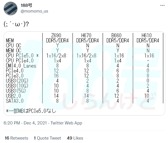 Svelati alcuni dettagli sulle schede madri Intel H670, B660 e H610: https://www.guru3d.com/news-story/h6...cs-leaked.html Nello specifico si parla del fatto che questi chipset (che saranno annunciati al Ces di Las Vegas di gennaio 2022), avranno il supporto alle ram DDR4 e DDR5. Sulle schede madri H610 Intel ha messo una sorta di blocco nell'uso delle memorie oltre i 3200 mhz, mentre le schede madri B660 e H670 (così come ovviamente le Z690) saranno capaci di usare le memorie ram fino al massimo della frequenza che la motherboard stessa permette. Per quanto concerne l'argomento linee PCI-E, sulle schede madri H670 vi sono 16 linee PCIe 5.0 per la cpu, separate in due gruppi da 8, mentre sulle schede madri B660 e H610 vi è un singolo slot PCI-E 5.0 con 16 linee. Sulle schede madri H670 e B660 vi sono 4 linee PCIe 4.0 non presenti sul chip H610. Il chipset H670 è dotato di 12 linee PCI-e 4.0 in aggiunta alle 12 linee PCI-e 3.0 per ssd nvme M.2 e per le porte ethernet ad alta velocità. Il chipset B660 è dotato di 6 linee PCI-e 4.0 in aggiunta alle 8 linee PCI-e 3.0, infine il chipset H610 è dotato solamente di 8 linee PCI-e 3.0 (non presenti, quindi linee PCI-e 4.0). La connessione DMI 4.0 che connette la CPU con il chipset, sulle schede madri B660 e H610 è dotata solamente di 4 linee, fornendo circa la metà della larghezza di banda del chipset H670 che invece è dotato di 8 linee.
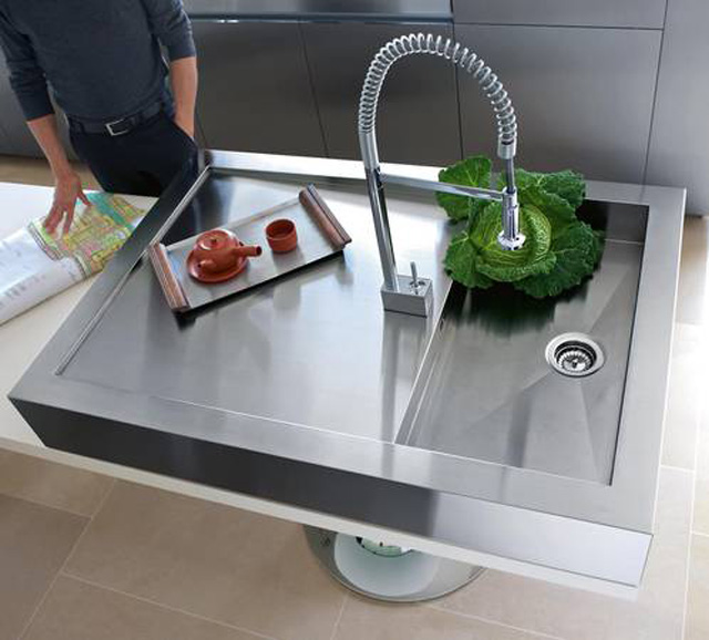 El fregadero con el escurridor plano e inclinado hace que el agua se evacúe fácilmente.
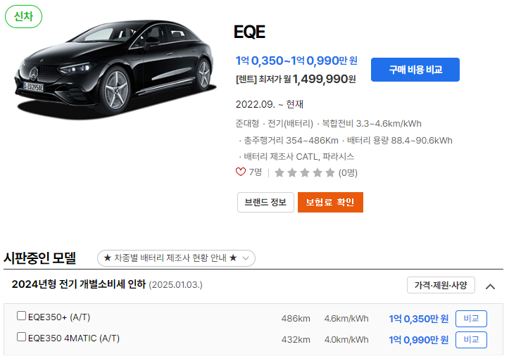- EQE350 4MATIC (A/T): 1억 0,990만 원
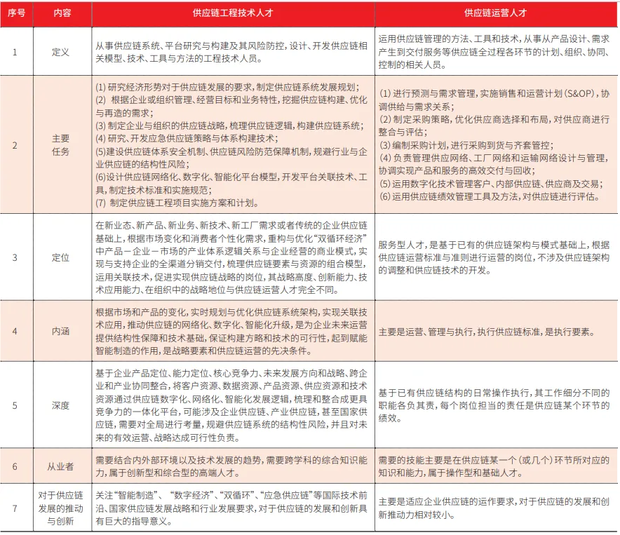 供应链工程技术人才与供应链运营人才的差异,见表1。区别于供应链运营型人才,供应链工程规划人才更加强调供应链工程技术复合能力要求,强调对供应链系统、平台进行研究、设计与构建的工程能力。供应链规划人才包括各行业的供应链、计划、物流、采购、生产、应急供应链、商品管理、供应链信息化、供应链数字化、供应链网络、供应链大数据、供应链项目、供应链技术等的规划、运营、管理、技术研究、咨询、培训、集成应用与服务等相关工程技术人员。
◇ ◇ ◇ ◇
Assignment:
Please copy exactly the lines from the one that contains "- EQE350 4MATIC (A/T): 1억 0,990만 원" through the last line of the listing above, leaving out the pictures.

Reply to the task:
- EQE350 4MATIC (A/T): 1억 0,990만 원
 供应链工程技术人才与供应链运营人才的差异,见表1。区别于供应链运营型人才,供应链工程规划人才更加强调供应链工程技术复合能力要求,强调对供应链系统、平台进行研究、设计与构建的工程能力。供应链规划人才包括各行业的供应链、计划、物流、采购、生产、应急供应链、商品管理、供应链信息化、供应链数字化、供应链网络、供应链大数据、供应链项目、供应链技术等的规划、运营、管理、技术研究、咨询、培训、集成应用与服务等相关工程技术人员。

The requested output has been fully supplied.